Silicon Valley: Morphing into Medieval Italy?

December 23, 2021

The historical precedents include Florence (Facebook), Genoa (Google), and Venice (a2z). Venice because it was mostly money people and secret ways of keeping track of who owed whom what, so that’s close enough to a2z for me. The city states had their own ways of ruling, punishing, and exerting influence. What’s a few skirmishes among those who speak the same language. Does this sound like the Silicon Valley we know and love and its giant technology companies? I thought about the golden age of Italian city states as I read a scribe’s retelling of a recent digital skirmish among a couple of these power houses.

Jack Dorsey’s Hot Web3 Takes Are Apparently Too Much for Marc Andreessen to Handle” reveals that two Duchies are in sharp disagreement. No catapults, just PR. The write up from a modern day Giovanni Villani states:

Marc Andreessen decided to take the step of blocking @jack, and Dorsey responded by saying he’s been “banned from Web3.” That’s not an unfair statement either, as the former Netscape co-founder and co-founder of Andreessen Horowitz (a16z) is now a huge investor in Web3 startups, tossing money around on DeFi projects, metaverse sneakers, tokens, and anything else that catches his eye. According to its “Web3 reading list” (pdf) document from October, “a16z is the largest investor in this space.”

And other digital princes are aligning against the former guru of Twitter.

Are there other signs that the apparent coziness of the impactful environs of Silicon Valley are fraught with digital tension? Are these indicators?

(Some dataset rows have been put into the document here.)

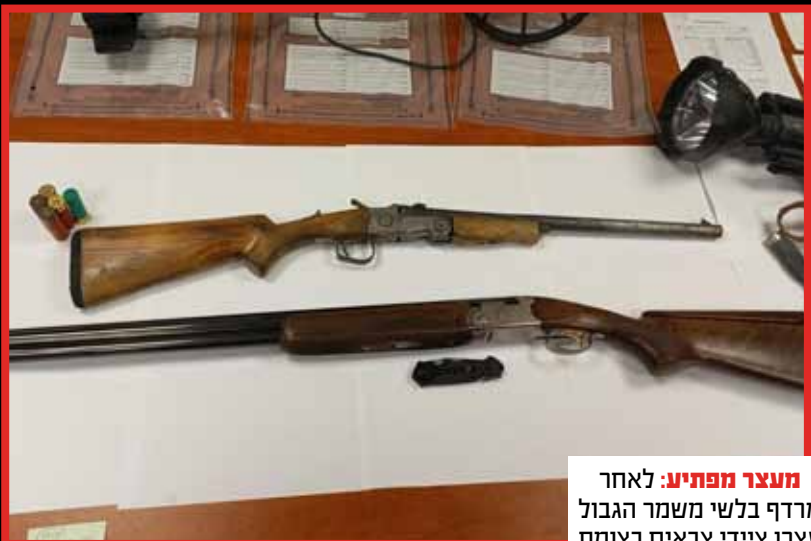
מעצר מפתיע: לאחר מרדף בלשי משמר הגבול עצרו ציידים צבאים בצומת חוסן.
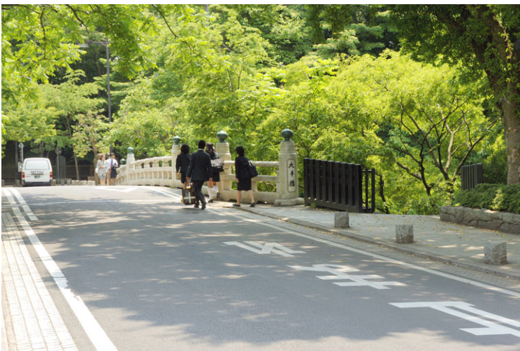
■三の丸歴史ロード（大手橋）
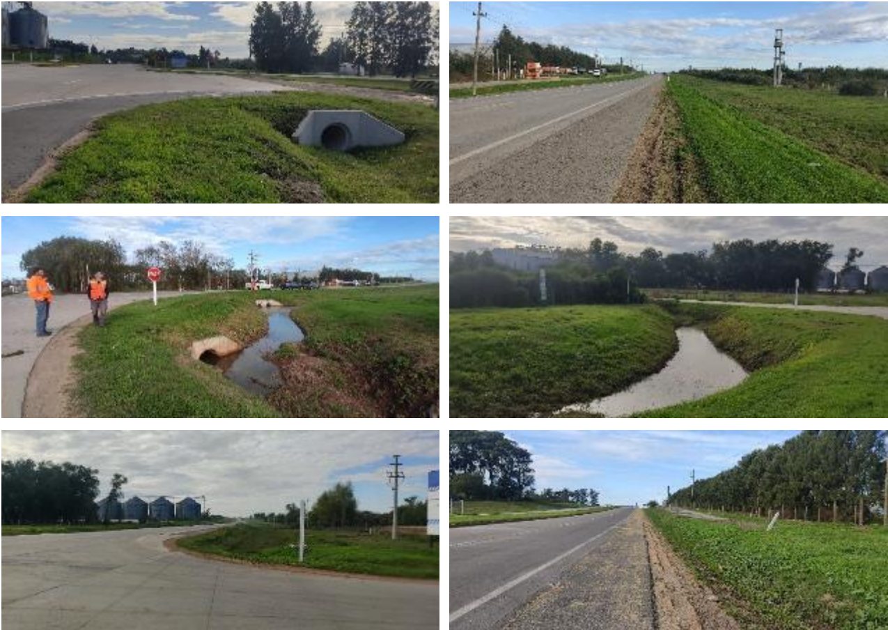
Foto 13.4-1 Vistas Bypass Nueva Palmira.
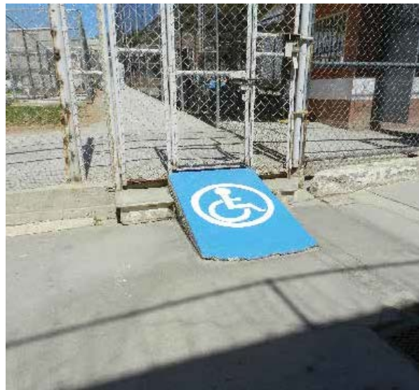
Rampas de acceso del Centro de Reinserción Social de Ensenada.
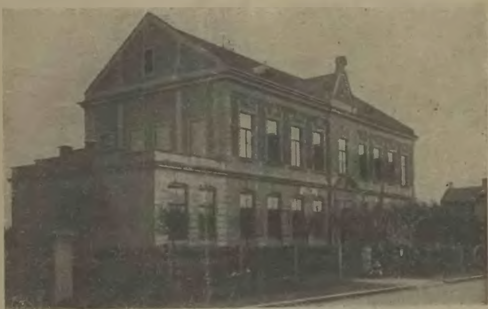
Budynek szkolny w Nowym Boguminie.
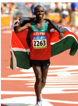
Samuel WANSIRU Médaille d'Or au JO de Pékin

La réputation des Kenyans dans les Marathons n'est plus à faire. En 2010, ils ont raflé 126 victoires sur 156 courses internationales, remportant ainsi la modique somme de 96 millions d'euros!
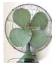
昭和30年ごろに本気で製造された扇風機

歴史博物館で、電化製品が普及し始めた頃の暮らしの道具や戦前の市内の小学校の様子を紹介する展示を。
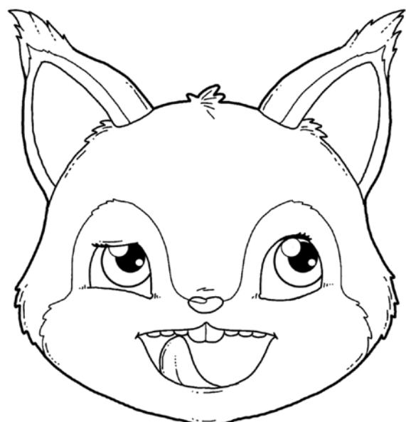
„LICZENIE ZĄBKÓW” – DOTYKANIE CZUBKIEM JĘZYKA KAŻDEGO ZĘBA PO KOLEI.
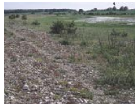
Langemose bag strandvold med Strand-Storkenæb. 29. maj 2005.
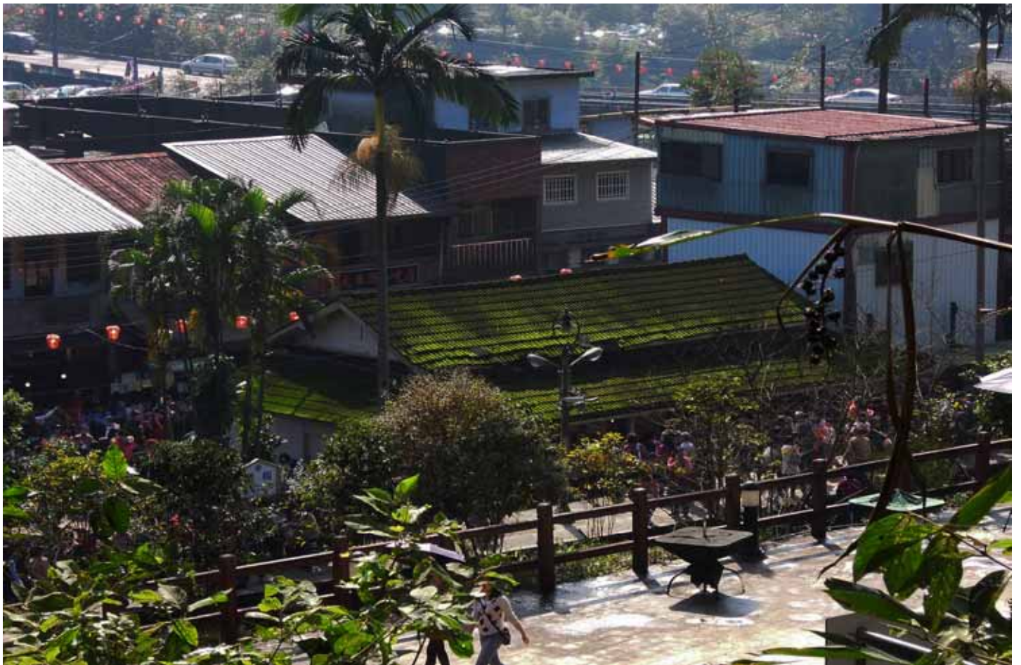
菁桐火車站是平溪線熱門的景點，不時可見天燈裊裊升空

    1. Google’s unhappiness with its trust score and human relations / people management department
    2. Apple’s once secret deal with a foreign power. What’s a quarter trillion dollars among friends?
    3. Intel’s apology to China issued in order to comply with US government requirements. What about those chip fabs in Arizona and the water hurdle?
    4. Amazon’s three consecutive outages and surging orders for pizza to fuel is “two pizza teams”. Isn’t it three strikes and you are out? No, this is no big deal, right Epic.
    5. Facebook’s alleged dominance of the worst US company rankings. This is unjust.

I don’t know. But unfollowing the guru of the Tweeter and the apparent fractures in a snug club house strike me as an important moment in the history of the technology revolution.

Are there coincidences? My little iTunes’ set up is playing the Beatles’ Revolution:

You say you got a real solution
Well, you know
We’d all love to see the plan
You ask me for a contribution
Well, you know
We’re all doing what we can

Yes, what’s the plan? Perhaps a Decoder to explain what’s happening?